Williams: I’m very fortunate that the fandoms I’ve encountered so far in my career have been wonderful. They really care about the shows we’re making and that’s apparent to us. “Defiance” and “Supergirl” fandoms, we see you and appreciate your enthusiasm. I think fandom organization is much easier than it used to be prior to the internet, and that definitely allows certain shows/films to thrive. The audience is a very important part of what we do and so I try my best to engage them online when I can. I haven’t been on Twitter in a while, but I’ll return sooner than later!

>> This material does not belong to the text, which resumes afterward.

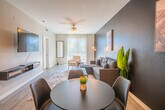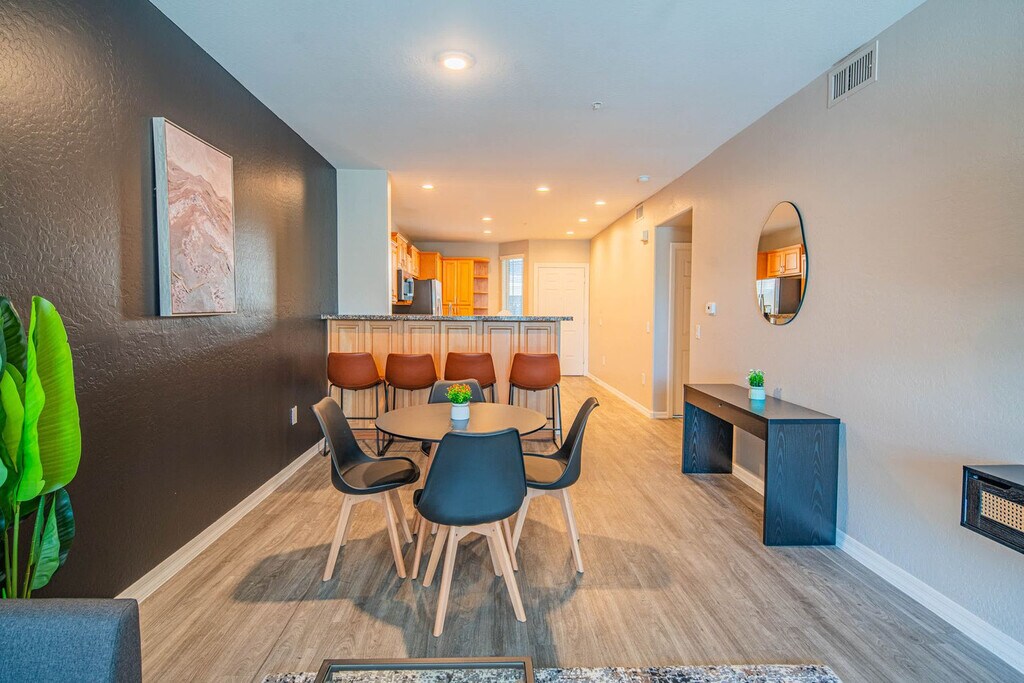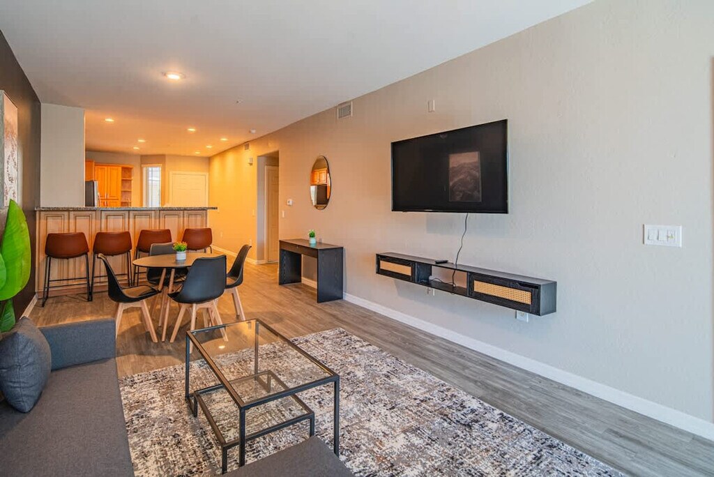 Feel at home in this elegant apartment located in the heart of Tempe, offering easy access to renowned breweries and local hotspots. Enjoy the vibrant sights and memorable scenes that only Tempe can offer, all from the comfort of your home away from home. Relax in this 2-bedroom unit featuring a modern open-concept design that seamlessly blends the living and dining areas with the fully equipped kitchen. The living room is perfect for unwinding with friends and family, complete with a stylish interior, a sofa bed, a 4K 58" HDR Smart TV, and a coffee table. The kitchen is equipped with a microwave, stove, oven, refrigerator/freezer, dishwasher, toaster, coffee maker with essentials, electric kettle, sink with hot and cold water, glasses, silverware, pots and pans, and a dining table with chairs. The bedroom offers a queen-size bed with pillows, linens, and sheets, along with an office desk and chair and reading lamps. The full bathroom is private and stocked with essential toiletries. Parking is available on the premises, with instructions provided at check-in. For guests with pets, an additional cleaning fee is required per pet, with rates varying based on the length of stay. There is a 2-pet maximum, and only cats and dogs are allowed. Breed restrictions apply, and a $500 fee will be imposed if pets are brought without prior notification. This prime location places you near a renowned brewery and famous local hotspots, providing an authentic Tempe experience. Explore the vibrant neighborhood and enjoy the convenience of being close to everything Tempe has to offer. The safety and well-being of guests are prioritized with a thorough cleaning process after each check-out. Guest verification is required, including providing a government-issued photo ID and a valid credit card. A rental usage agreement must be signed, and noise monitors are installed to ensure quiet hours between 10pm and 8am. A strict no-party policy is enforced, with penalties for violations, including a $500 fine for smoking on the property. Early check-in/check-out may be accommodated for a fee, and lost or unreturned keys will incur replacement charges. [SI]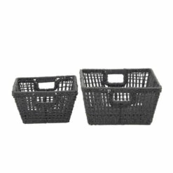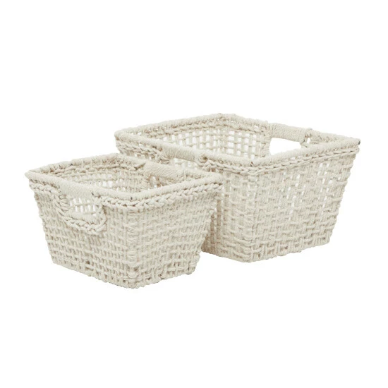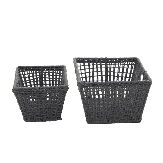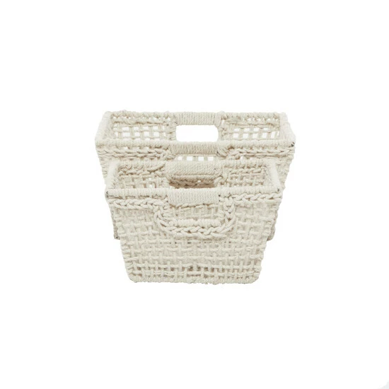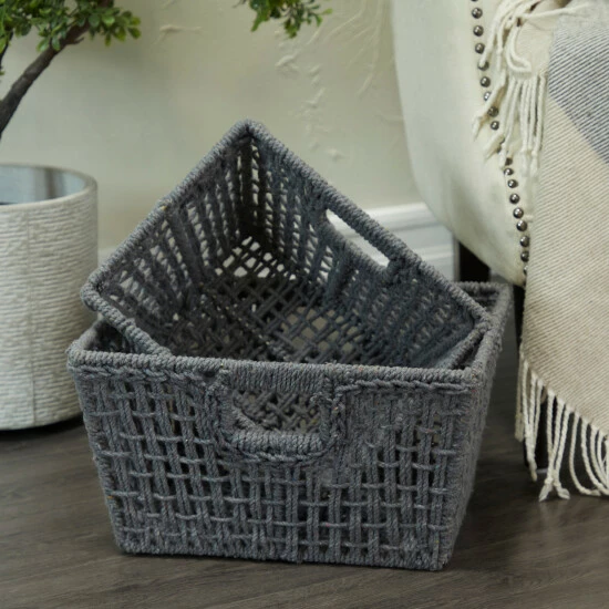 - Each basket boasts of intricate rope grid weave patterns with 2 cut out side handles for easy carry

Williams in Defiance. Photo By: Joe Pugliese/Syfy

TrunkSpace: You studied your craft in school, but how much have you learned through the act of doing that you could have never discovered in a classroom? Is it important for people to strike a balance between training and hands-on experience to find success as an actor?
Williams: I went to an arts school in Toronto, and one of my school mates once gave me some great advice. I was in-between acting classes and I reached out to Nina (Dobrev) asking her for some advice on the craft. Her response has always stuck with me. She said, “Some of the biggest things I’ve learned happened while working on set.” That’s proven to be true for me as well. Understanding how to efficiently communicate with my crew/director in the workplace was one of those skills I’ve been able to develop. You can only learn so much in the classroom, or during training. At some point, you’ll have to take those skills and apply them while in the work environment. As a general rule in life, balance is key.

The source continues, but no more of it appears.